◆ Task objective ◆
Below are some records. Retype exactly the lines from the one containing "Ingrédients : Nems" through the one containing "Tire ilçesinde yaşayan", both included, skipping every picture.

◆ Input for this task ◆

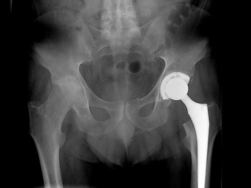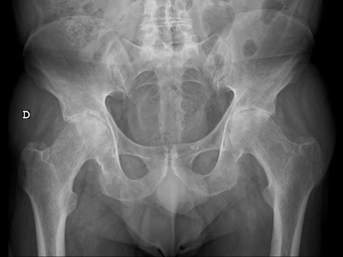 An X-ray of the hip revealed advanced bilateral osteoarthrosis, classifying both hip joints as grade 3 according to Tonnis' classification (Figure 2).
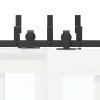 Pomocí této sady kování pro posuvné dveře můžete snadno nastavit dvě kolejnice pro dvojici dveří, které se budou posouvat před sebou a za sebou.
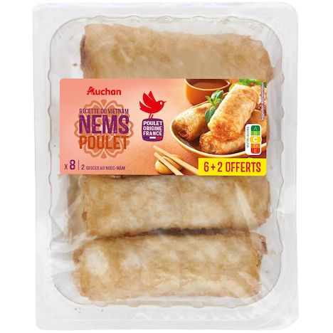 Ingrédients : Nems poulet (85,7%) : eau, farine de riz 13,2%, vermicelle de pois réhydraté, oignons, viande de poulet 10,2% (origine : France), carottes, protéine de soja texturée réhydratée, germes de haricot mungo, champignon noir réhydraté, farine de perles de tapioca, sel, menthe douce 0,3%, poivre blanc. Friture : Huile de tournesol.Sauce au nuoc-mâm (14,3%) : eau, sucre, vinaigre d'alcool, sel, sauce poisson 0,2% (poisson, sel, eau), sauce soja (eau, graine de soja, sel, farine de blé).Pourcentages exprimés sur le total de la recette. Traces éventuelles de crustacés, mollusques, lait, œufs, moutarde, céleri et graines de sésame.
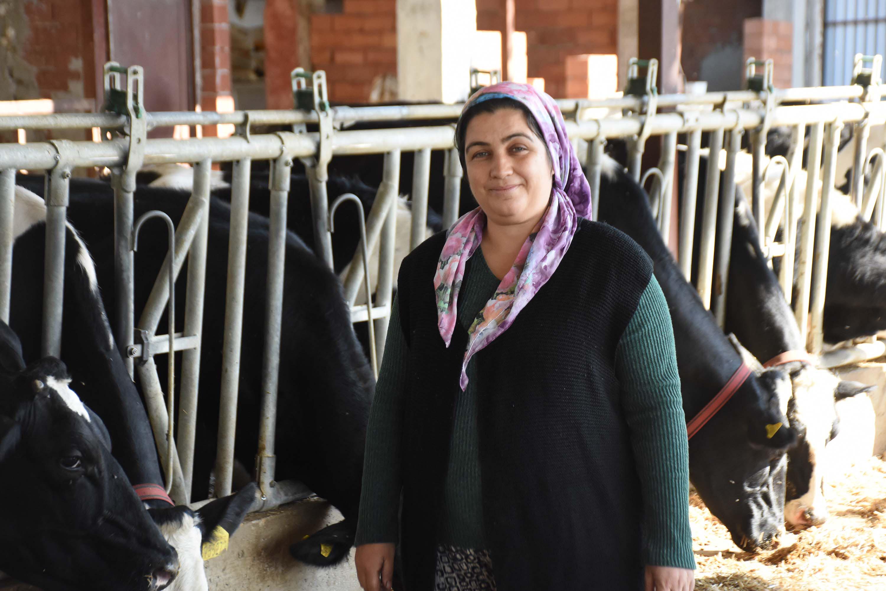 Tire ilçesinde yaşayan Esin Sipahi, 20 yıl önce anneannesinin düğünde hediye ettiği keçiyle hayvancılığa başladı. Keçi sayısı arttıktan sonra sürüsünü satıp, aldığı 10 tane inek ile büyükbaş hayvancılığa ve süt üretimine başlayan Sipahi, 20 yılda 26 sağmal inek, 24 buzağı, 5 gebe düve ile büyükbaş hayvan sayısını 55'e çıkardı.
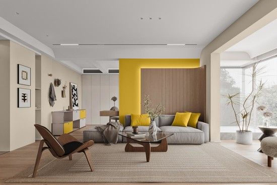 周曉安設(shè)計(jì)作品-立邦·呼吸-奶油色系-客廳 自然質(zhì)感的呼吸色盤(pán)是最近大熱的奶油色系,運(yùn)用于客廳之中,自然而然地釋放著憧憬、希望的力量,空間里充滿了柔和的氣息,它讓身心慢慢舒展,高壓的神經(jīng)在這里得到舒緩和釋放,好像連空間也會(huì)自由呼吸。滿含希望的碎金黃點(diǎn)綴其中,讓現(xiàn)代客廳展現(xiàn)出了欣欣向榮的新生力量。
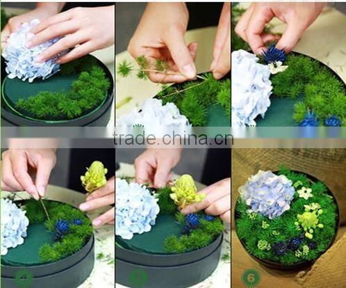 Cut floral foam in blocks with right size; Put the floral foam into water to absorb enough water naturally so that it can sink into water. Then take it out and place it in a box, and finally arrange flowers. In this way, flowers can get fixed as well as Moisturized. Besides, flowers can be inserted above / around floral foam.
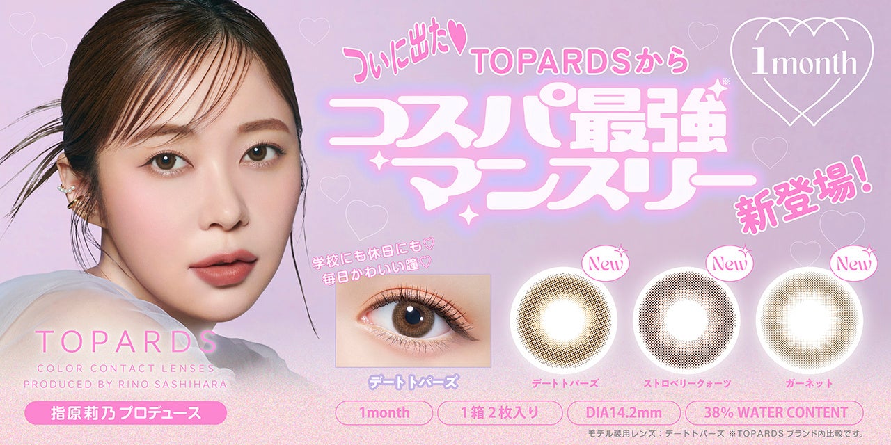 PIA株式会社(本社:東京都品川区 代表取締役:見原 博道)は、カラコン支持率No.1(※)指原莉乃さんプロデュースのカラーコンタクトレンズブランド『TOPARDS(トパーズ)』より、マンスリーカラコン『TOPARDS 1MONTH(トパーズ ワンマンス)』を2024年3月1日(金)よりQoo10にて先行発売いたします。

◆ Your solution ◆
 Ingrédients : Nems poulet (85,7%) : eau, farine de riz 13,2%, vermicelle de pois réhydraté, oignons, viande de poulet 10,2% (origine : France), carottes, protéine de soja texturée réhydratée, germes de haricot mungo, champignon noir réhydraté, farine de perles de tapioca, sel, menthe douce 0,3%, poivre blanc. Friture : Huile de tournesol.Sauce au nuoc-mâm (14,3%) : eau, sucre, vinaigre d'alcool, sel, sauce poisson 0,2% (poisson, sel, eau), sauce soja (eau, graine de soja, sel, farine de blé).Pourcentages exprimés sur le total de la recette. Traces éventuelles de crustacés, mollusques, lait, œufs, moutarde, céleri et graines de sésame.
 Tire ilçesinde yaşayan Esin Sipahi, 20 yıl önce anneannesinin düğünde hediye ettiği keçiyle hayvancılığa başladı. Keçi sayısı arttıktan sonra sürüsünü satıp, aldığı 10 tane inek ile büyükbaş hayvancılığa ve süt üretimine başlayan Sipahi, 20 yılda 26 sağmal inek, 24 buzağı, 5 gebe düve ile büyükbaş hayvan sayısını 55'e çıkardı.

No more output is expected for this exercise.